The bank booked a one-off provision, or a precautionary reserve for loans turning sour, during the quarter of 472 million euros (652 million dollars) as a result of changes in Bank of Spain regulations, it said.

Without this provision, profit for the third quarter was 2.11 billion euros, down 5.1 percent from the previous year.

Net interest income -- the difference between interest paid out on deposits and interest earned on lending -- rose 8.4 percent to 7.40 billion euros.

Bad loans as a proportion of total lending edged up to 3.42 percent from 3.37 percent three months earlier.

"The group once again showed its capacity to generate recurring profits in a difficult environment," the bank said.

The Madrid stock market welcomed the results, with Santander shares rising 1.62 percent in a market that was down 0.12 percent.

BBVA, Spain's second-biggest bank after Santander, on Wednesday reported a 17.4-percent drop in quarterly net profit, also weighed down by new bad loan provisions.

Spanish banks are struggling with an economic downturn in Spain brought about by a collapse of the once booming property market in 2008 which has left many developers and homeowners struggling to meet their loan repayments.

Banks are also under pressure since the announcement last month of tougher international capital requirements intended to protect against financial crises that will be presented for approval to the Group of 20 (G20) developed and developing nations in November.

The changes, known as Basel III, require banks to build stronger buffers of high-quality assets to protect against future losses.

Santander chairman Emilio Botin last month hailed the rules as "possibly the most significant for the international financial system in many decades."

Over the first nine months of the year, Santander gained 37 percent of its profits in Europe, 42 percent in Latin America, 18 percent in Britain and 3.0 percent in the United States.

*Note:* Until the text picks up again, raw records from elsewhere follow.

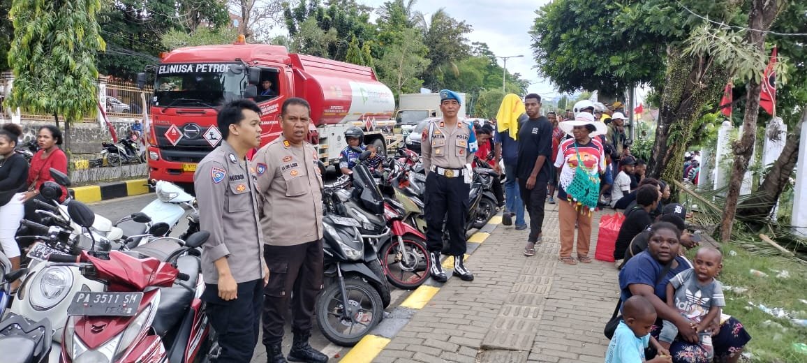 Personel Ops Mantap Praja Cartenz Polda Papua Lakukan Pengamanan Kampanye Akbar Cagub dan Cawagub Papua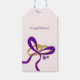 Les étiquettes cadeau de mariage "The Elegant Script - Congratulations" font partie de la collection "Stripes and Flowers : Salle de bain, Plage, Yoga, Voyage". L'étiquette représente une paire d'anneaux de mariage tenus ensemble par un ruban indigo avec deux boutons de fleurs en dessous. Ajoutez votre message personnel au recto et au verso. Tout espace que vous laisserez vide pourra être utilisé pour une note manuscrite.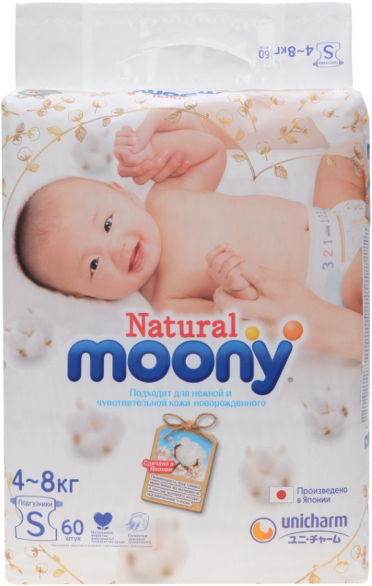 Подгузники Moony Natural Diapers S / 60 pcs
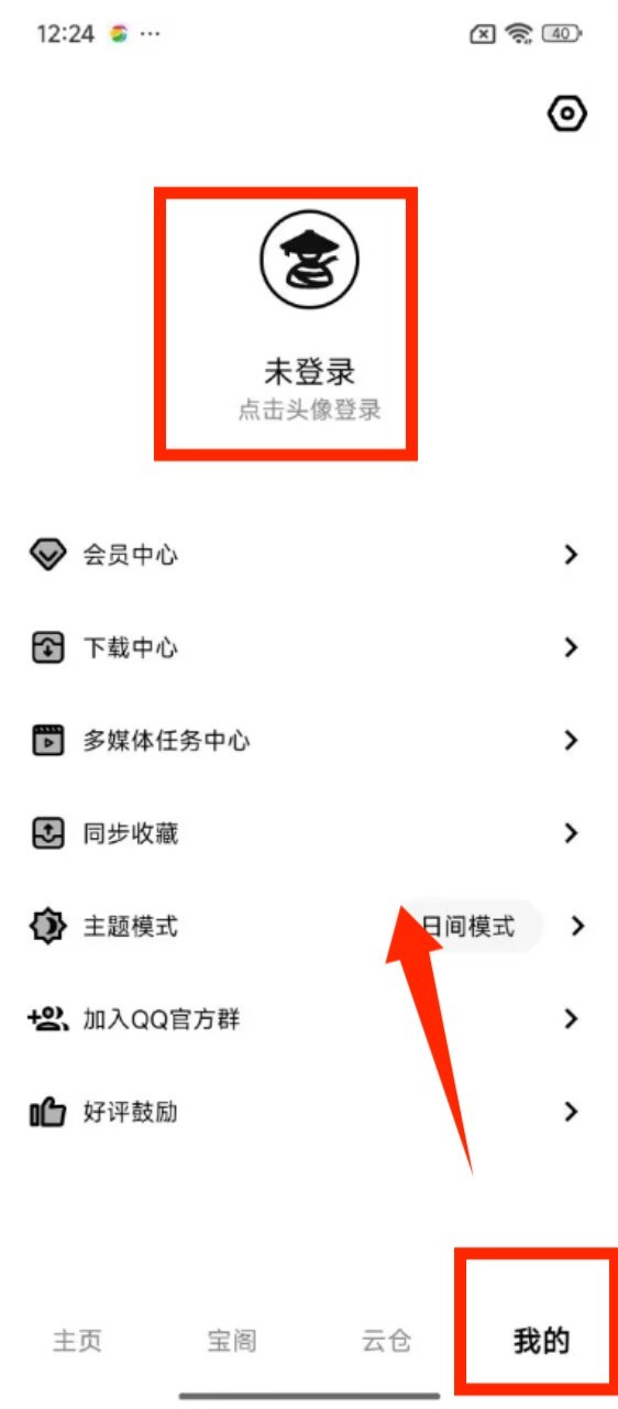 3、打开 “我的” 页面,点击头像区域进入登录界面,可选择微信、QQ 等方式完成账号登录操作。

But these regions reported diverse fortunes, with profits in European operations slumping 20 percent to 3.18 billion euros, while Latin America climbed 24 percent to 3.48 billion euros, Britain was up 17 percent to 1.53 billion euros and activities in the United States led to a profit there of 293 million euros compared to a loss of 29 million euros a year earlier.

Santander, the eurozone's largest bank by market capitalisation, expanded further into the British marketplace during the quarter when it snapped up 318 retail branches from state-controlled lender Royal Bank of Scotland in August.

The transaction, worth about 1.65 billion pounds (1.88 billion euros, 2.60 billion dollars), will see Santander add to network after takeovers of Abbey in 2004 and Bradford & Bingley and Alliance & Leicester in late 2008 at the height of the financial crisis.